Cavalieri della non rotella (Knights of the Loose Screw)

1989

A new Italian law (no. 180) on the treatment of people with mental illnesses had led to the establishment in Monticchiello of a new hostel, in which patients could be helped out of the restrictions of psychiatric asylums and into modern life.  This prompted an autodramma on the theme of ‘diversity’ of how we react to people whom we perceive as different from ourselves.

As so often, the theme was treated from two different points of view, that of the sharecropping peasant in the past, and one belonging to contemporary society.  The first act (based on the family memories of some of the actors) showed a peasant family who had to cope with its own ‘oddball’ member, almost the equivalent of a ‘village idiot’; but one who was capable of perceiving and expressing some uncomfortable truths.

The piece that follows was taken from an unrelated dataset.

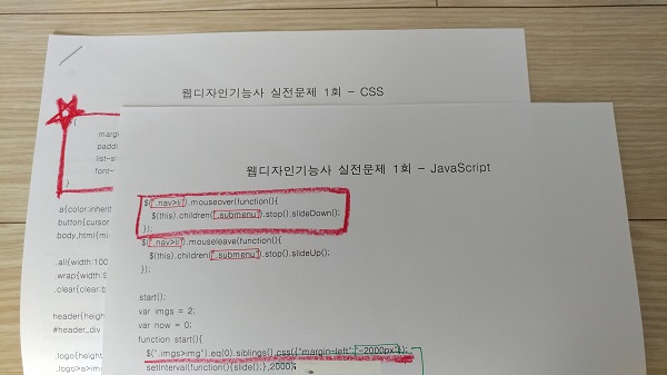 물론 웹디자인기능사는 문제를 많이 푸는 것 보다 1,2문제를 몇 번이고 반복해서 연습하는게 훨씬 효율적입니다. 하지만 문제가 항상 똑같이 나오지는 않기 때문에 시간이 된다면 다른 문제를 풀면서 기존에 연습했던 내용을 새로 적용해보는 것이 좋습니다. 그리고 구현하지 못한 부분이 있다면 답안지를 보고 새로 배워나가세요.

The second act was set in modern times, perhaps even in the near future.  The Monticchiellesi were shown rehearsing and performing something which they had dramatized before: the ‘Battle of Monticchiello’ in 1944 between Italian partisans and Italian fascists.  This was watched by some patients from the ‘half-way’ hostel down the hill, some of them played by actors and some by the patients themselves.  At a certain point, the patients invaded the stage, and gave their own reaction to the conflicts and violence which were being represented in the play within the play.

The team of Teatro Povero dramatists—Andrea Cresti, Marco Del Ciondolo, Maria Rosa Ceselin and Vittorio Innocenti—made careful use in preparing their script of interviews actually conducted with psychiatric patients by doctors.  They collaborated with a local psychiatrist, Vieri Marzi—an encounter from which both sides felt they had benefited.  Relations between the psychiatric home and the Teatro Povero then continued to be close and warm for many years.